Note that when you take the square root of this value, you get something called eta squared.
In one way analysis of variance (or simply, one-way ANOVA), is an important tool to use when you need to know if there was a significant difference between two or more groups. This test is used to determine whether there are differences in mean values among several groups.
In this case, there are three different groups being analyzed. The first group has a separate mean value from the second group, which has its own mean value that differs from the third group.
The third group’s mean value does not differ from either of the other two groups; it is only like one of them! For example, let’s say we were testing how much sugar each group liked and found that the first group likes 2 tablespoons of sugar per day while the second prefers 4 and the third loves 6.

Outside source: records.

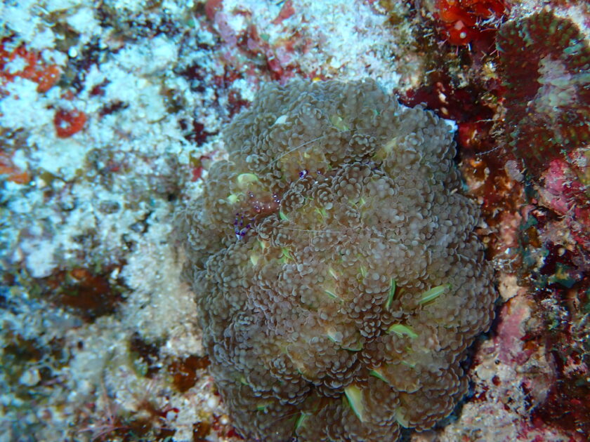 トゲトゲが密集する中に、アカイバラウミウシが隠れています。見つけた時の快感は、まさに水中宝探し!ピントを合わせるのに苦労しましたが、その分愛着がわくキュートな姿です。 透明なナデシコカクレエビ
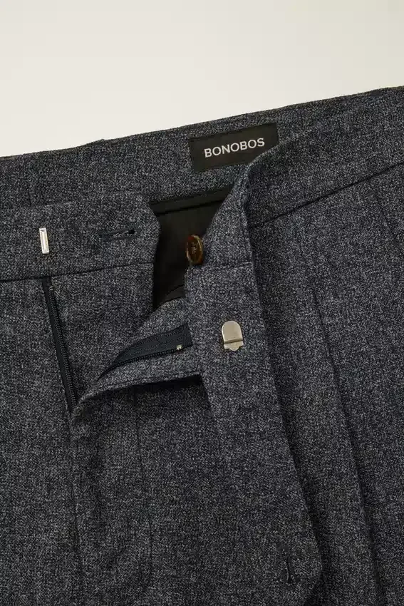 Fermeture à patte allongée | Plis doubles | Doublure sur le devant des jambes | Poches passepoilées à l’arrière
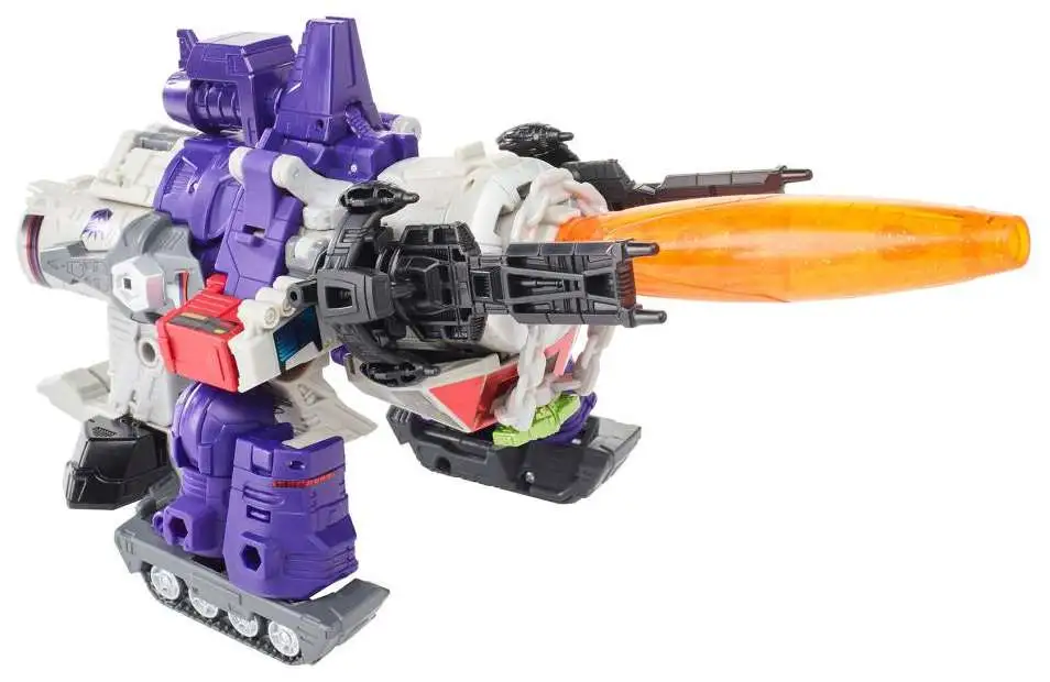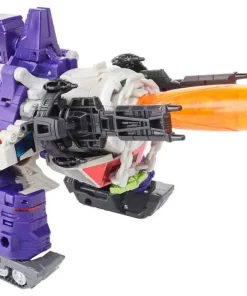 Behold, Galvatron! The herald of Unicron blasts his way into the Generations Selects line with this special edition figure! This Galvatron figure is inspired by the classic 1986 toy release, featuring comic-inspired deco. Includes 2 weapon accessories and the classic green Matrix of Leadership accessory on a chain that can be worn around the figures neck. This Galvatron figure converts from robot to Galactic Cannon mode in 33 steps. Comes with a sheet of foil labels, including a heat-sensitive sticker that reveals the Decepticon shield when you rub it with your finger.
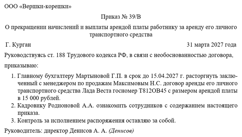 Следующим шагом руководитель объявляет о прекращении заключенного с сотрудником договора аренды транспортного средства, раздает подчинённым соответствующе распоряжения, возлагает ответственность за исполнение приказа, а также назначает человека, который будет осуществлять контроль. Чаще всего контроль за исполнением распоряжения директор оставляет за собой.
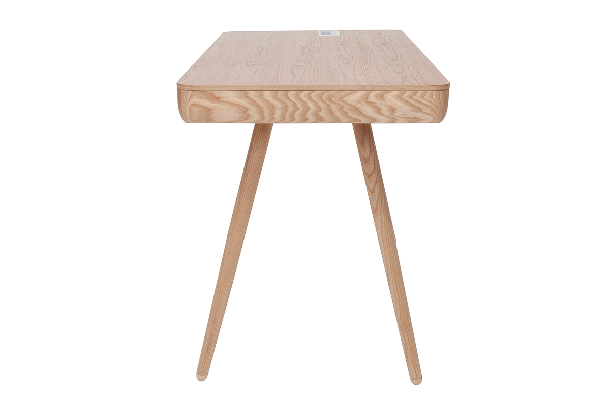 La base slanciata e il ripiano in legno massello di frassino gli conferiscono un aspetto caldo e autentico.
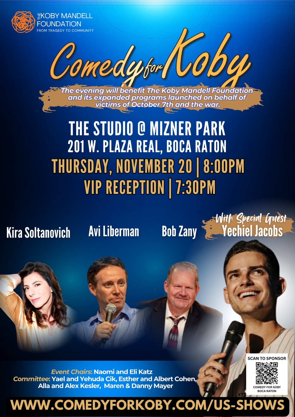 The evening will benefit The Koby Mandell Foundation and its expanded programs launched on behalf of victims of October 7th and the war.
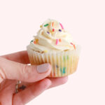 Gently fold the flour-coated rainbow sprinkles into the cake batter by hand, then divide evenly between the prepared cupcake tins (no more than 2/3 full) and bake for 14-18 minutes, or until a toothpick inserted comes out clean. Transfer the cupcakes onto a wire rack to cool completely before applying any frosting.
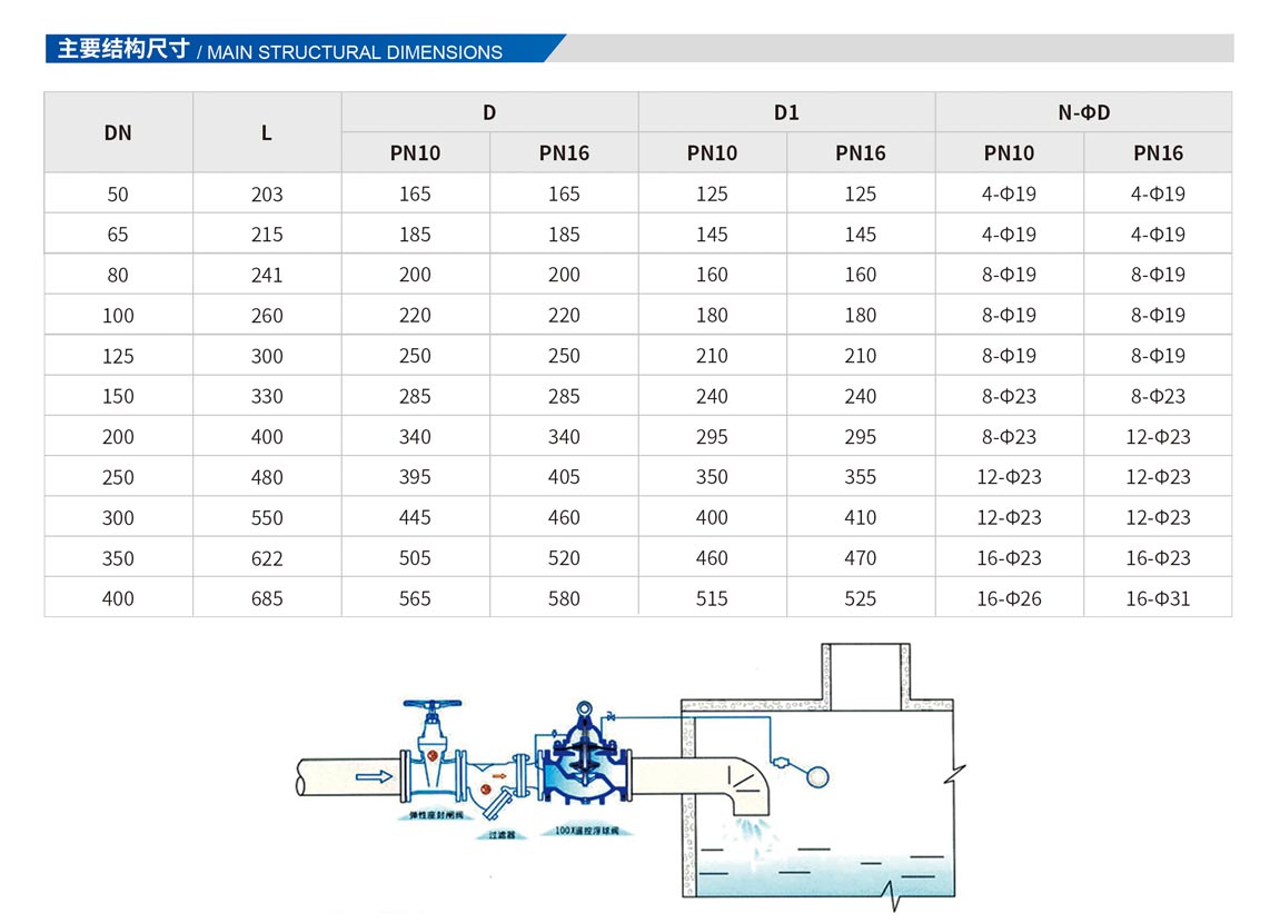 該閥門能有效地控制水塔或水箱液面,適時切斷或打開閥芯輸入水充或阻止水流外泄。液位控制準(zhǔn),水位不受壓力波動干擾,開團(tuán)緊密不漏水,浮球靈活,維護(hù)保養(yǎng)簡單(控制球閥可與主閥分離安裝),適用于工礦,企業(yè),高層建筑中的水箱,水池,水塔的自動供水系統(tǒng)。

This would show that there is no significant difference between the third group and the second because they have the same average amount of sugar they enjoy. However, the first group is quite a bit lower than both others – even though they like slightly more! That is what one way ANOVA can tell us about.
Interpretation of results
If the mean values for all three groups are the same, then there is not enough evidence to conclude that there is a statistical significance in their differences.
A popular way to test whether there is a difference between two groups is called a “post hoc” analysis. This is because it occurs after the fact, when we already know that one group was different from another!
So what are post hoc analyses? They are statistical tests that compare only two groups at a time. For example, if you read your book very quickly then this article will be more helpful for you than others. Therefore, let me do a post hoc analysis to determine which books take the most time to read.
Our statistician would perform these tests by comparing the average reading times of Book 1 with the average reading time of Book 2, and then comparing the average reading time of Book 2 with the average reading time of Book 3. And so on and so forth until all four books have been analyzed.
This is an important concept in statistics. Because how well each individual test predicts the outcome depends on whether there has been enough variability within the groups being compared. If there hasn’t, then the prediction can’t work.